この不朽の自由作戦というものについては多くの国々が参加をしているということでございますが、例えば政府から説明を受けた資料によりますと、これまでに百カ国以上の場所でアルカイダのメンバーは三千人以上捕捉され、アルカイダの幹部の約三分の二が殺害、拘束をされている、こういうことでございます。
しかし一方では、ビンラディンあるいはオマル、そういった主要メンバーはまだ捕まっていない。それどころか、カブール以外の地方では、後で首藤議員が詳しく質問されると思いますけれども、むしろ無政府状態、秩序が混乱をしている、こういった状況であります。
そういった状況の中で、果たしてこの二年間、成果が上がったと考えるのかどうなのか、その点から質問させてもらいたいと思います。
■川口国務大臣 成果が上がったかどうかということで、成果ということを、どれぐらいのテロリストを捕捉するかということで考えてみるというのは一つの考え方であると思いますけれども、その前に、このそもそもの目的が何かということをちょっとお話をさせていただきたいと思います。
これは、インド洋を通過する船舶を対象として、作戦に参加する各国の艦船が、警戒監視活動を通じてテロリストあるいは武器弾薬等の関連物資が海上を移動するということを阻止するということで、それによってテロの脅威が拡散することを防止する、これが作戦の目的であります。
それで、具体的に何をするかといいますと、インド洋を航行する船舶に対して、船籍、航行目的、積み荷等を無線で照会する、そして、十分な応答のなかった船舶や不審船に対しては船舶立入検査を実施するという地道な活動をやっているということでございます。件数でいいますと、ことしの五月までに約四万六千件の無線照会を行った、そして、約一千件の船舶に対する検査を行ったわけでございます。六月以降も同じようなペースで活動が行われておりまして、平均をいたしますと、月当たりで、無線の照会を約二千件、そして船舶に対する立入検査を月三十件というペースで続けているということでございます。

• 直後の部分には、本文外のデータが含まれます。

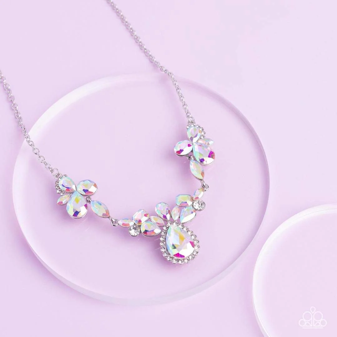 Sold as one individual Paparazzi necklace. Includes one pair of matching colorful earrings.

そういうことで、作戦の目的自体は、捕まえるということだけではなくて、そういった物資の移動その他を抑止するということも含めて、基本的にテロリストの活動を抑止する、そして関連物資やテロリストの海上移動のルートを分断する、それによって活動を封じ込めるということが目的でございます。

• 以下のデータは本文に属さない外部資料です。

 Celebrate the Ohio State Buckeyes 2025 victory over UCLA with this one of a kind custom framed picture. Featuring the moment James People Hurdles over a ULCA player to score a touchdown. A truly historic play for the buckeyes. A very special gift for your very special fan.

その一つの成果の一例として、先ほどの何人捕まったかということでいいますと、これは米国の数字でございますけれども、委員がおっしゃられましたように、百カ国以上の場所でアルカイダのメンバーが三千人以上捕捉をされたということでございます。アルカイダ幹部の約三分の二が殺害、拘束をされているということが今までの成果ということで挙げられるかと思います。
■前原委員 日本がかかわった艦船への給油、そしてその給油を受けた艦船が船舶検査等を行うということについては、後でまた別個に質問します。
そうではなくて、そもそもは、つまりは九・一一テロを起こしたテロ集団、そして、そのかくまっていた政権、タリバン政権、こういったものを壊滅させる、その首謀者を捕捉するというのが、これは大多数の日本国民のみならず、世界の全国民の共通のイメージじゃないかと私は思いますよ。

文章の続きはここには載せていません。